Fine manufacturing processes create sturdy cast iron items and robust steel-reinforced components that resonate with structural soundness, but such mechanical solidity doesn’t just happen, not without an incorporated processing stage that intelligently manipulates key metallic properties until they fit a specified application. The heat treating of steels & cast irons delivers finite mastery over these base mechanical attributes, thus altering the behavior of the metal, but why should we go through all of this trouble? Doesn’t iron come out of the ground hard and ready to serve numerous robust applications?

Organizing a Chaotic Microcrystalline Structure

Iron and its many alloy-rich familial members may look strong and feel dense, but looks can deceive because these apparently tough metals are relatively disordered at the granular level. The composition of the material is hard in some areas and possessed of localized brittleness in others. It needs to be homogenized and then toughened. Like a battalion of untrained soldiers, the microcrystalline structure must be tamed by heat and taught to assemble in an orderly manner.

The Trial by Fire Development of Heat-Tempered Properties

Of course, all of these processed alloys are bound for specific applications, so they also have to be modified to emphasize certain material characteristics while attenuating others, which means we’re talking about more than one structurally altering technique at this point.
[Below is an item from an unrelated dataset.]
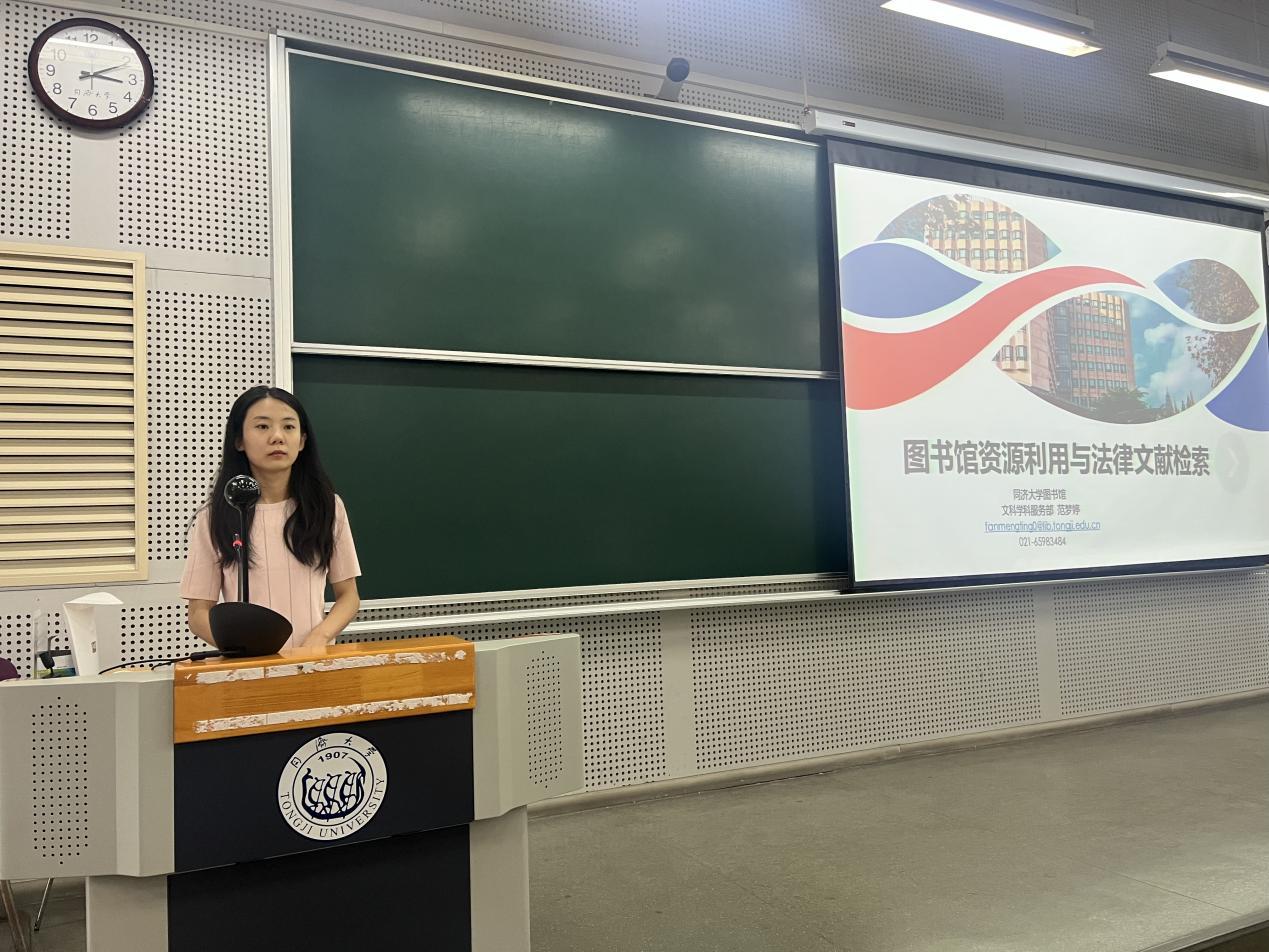 法律文献检索和数据库使用是同学们未来学习中所要具备的重要技能。9月5日下午,校图书馆文科服务部范梦婷老师给新生们讲述了图书馆资源利用和法律文献检索方面的内容。范老师简要介绍图书馆机构布局及馆藏分布,并通过一则趣味短片向同学们讲解如何预约图书馆座位和查询纸本资源。其次是围绕图书资源的检索方法展开,不仅介绍了布尔检索法、截词检索法、精确检索等多种方法,还结合案例以加深同学们的印象。最后,范老师还介绍了北大法宝、威科先行等常用法律数据库的可用模块及使用方法。

The process begins by normalizing the metal, by homogenizing the entire structure so that it can be declared uniformly treated. Hardening and ductility aren’t the goals here, but the elimination of localized mechanical irregularities is a definite objective.

The Refined Injection of Mechanical and Physical Attributes

The heat treating of steels & cast irons then moves on apace by imbuing the object with machined features, bent shapes and sectional cuts that bring the product ever closer to its final marketable form. Annealing is important during this fabrication stage because a slowly applied heating and cooling action relieve the metallic stress added by the machining work, thus making the part workable once more. Meanwhile, the trial by fire centers on a rigorous hardening phase, one that hardens the part by exposing it to extreme levels of heat and then immediately quenches the fire so that the required hardness rating is locked in place.

What’s been described here is a basic linear run, but the heat treating of steels & cast irons will typically use a cyclical chain, one that works with the machining phase to clarify a form-versus-function configuration. Form has been realized through tooling while material function has been established according to client specifications. And, finally, a necessary finishing stage adds polish and refinement to the overall form.

In the foundry, blazing hot furnaces melt metal and produce castings, parts that are imbued with crude properties. It is then down to special alloy-refining facilities to alter those material characteristics, to intelligently manipulate key microcrystalline properties within the alloy so that the metal suits its application. Of these newly injected features, hardness and durability rank very high, perhaps because these are the features we all associate with a toughened metal. Anyway, regardless of these musings, let’s take a look at two of the easily identifiable hardening techniques, the processes we know as flame hardening and induction heating.

Both of these fine engineering processes yield excellently finished metal components, parts that have been case hardened to enhance the mechanical properties of the product. Still, there are differences to be found, and we should clarify those contrasting features. First of all, the induction process is a whole-unit one, a technique that uniformly case hardens a subject part. Conversely, flame hardening relies on convection and conduction, two influences that are hard to associate with uniform distribution. Similarly, the reliability factor of the induction method favours automation and mass production. Of course, these comparisons aren’t all characterized by a one-sided battle. The flame hardening and induction heating contest sides with the flame when cost is a factor, plus a focused flame can selectively case harden complex geometrical profiles.

Singled out as a mass production champion, the induction hardening mechanism is typically preferred, but the flame still has its place as a cost-effective and versatile hardening solution.